Top of DATA BELOW
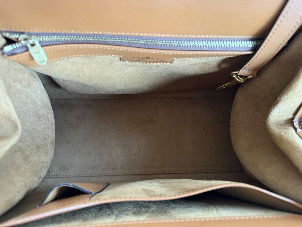 De binnenkant is gemaakt van bruin suède met een hoofdvak en meerdere zakken. Deze tas is ideaal voor een avondje uit of een formeel evenement.
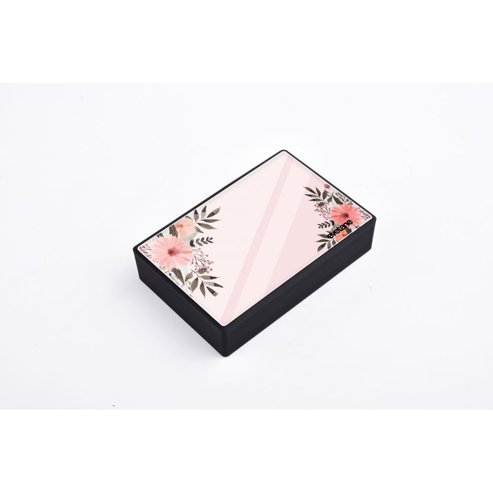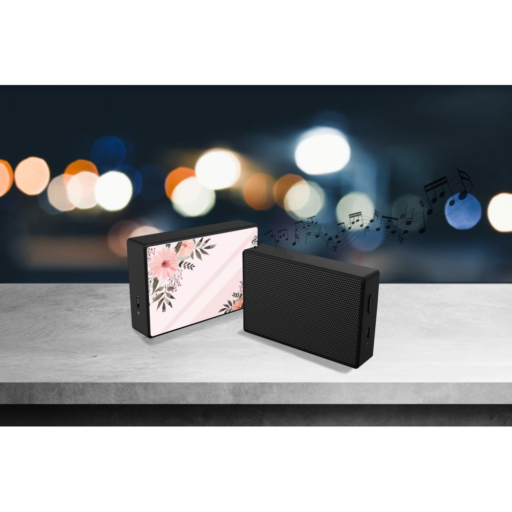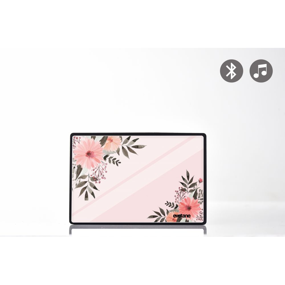 • > Enceinte bluetooth noire avec verre trempé Fleurs roses Evetane
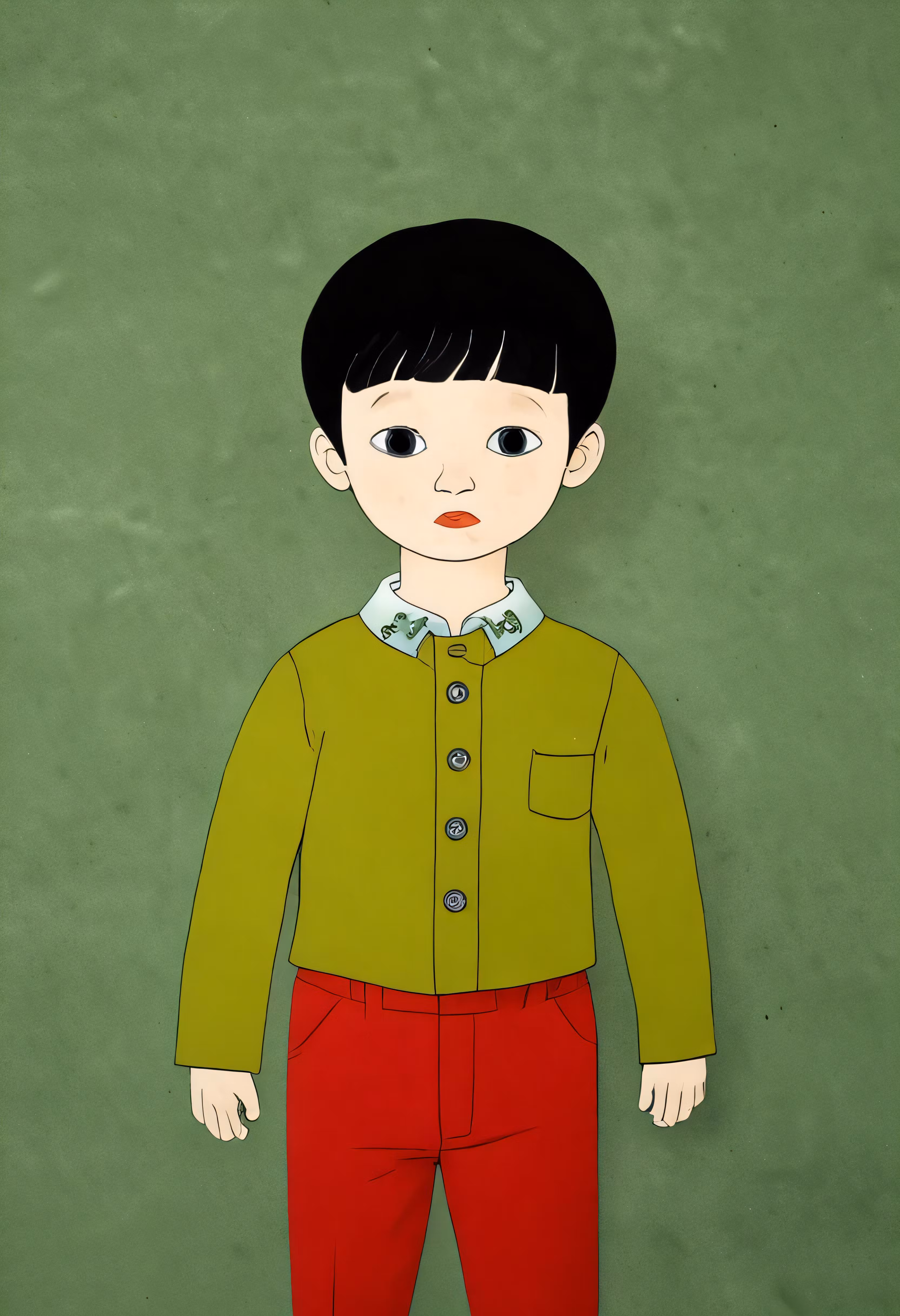 High resolution picture, free to use, a cardboard cutout shows the child in red pants
Bottom of DATA BELOW
* INSTRUCTIONS TO FOLLOW *
Apart from the images, every line above needs to be printed again exactly.

* ANSWER FOR THIS EXERCISE *
 De binnenkant is gemaakt van bruin suède met een hoofdvak en meerdere zakken. Deze tas is ideaal voor een avondje uit of een formeel evenement.
 • > Enceinte bluetooth noire avec verre trempé Fleurs roses Evetane
 High resolution picture, free to use, a cardboard cutout shows the child in red pants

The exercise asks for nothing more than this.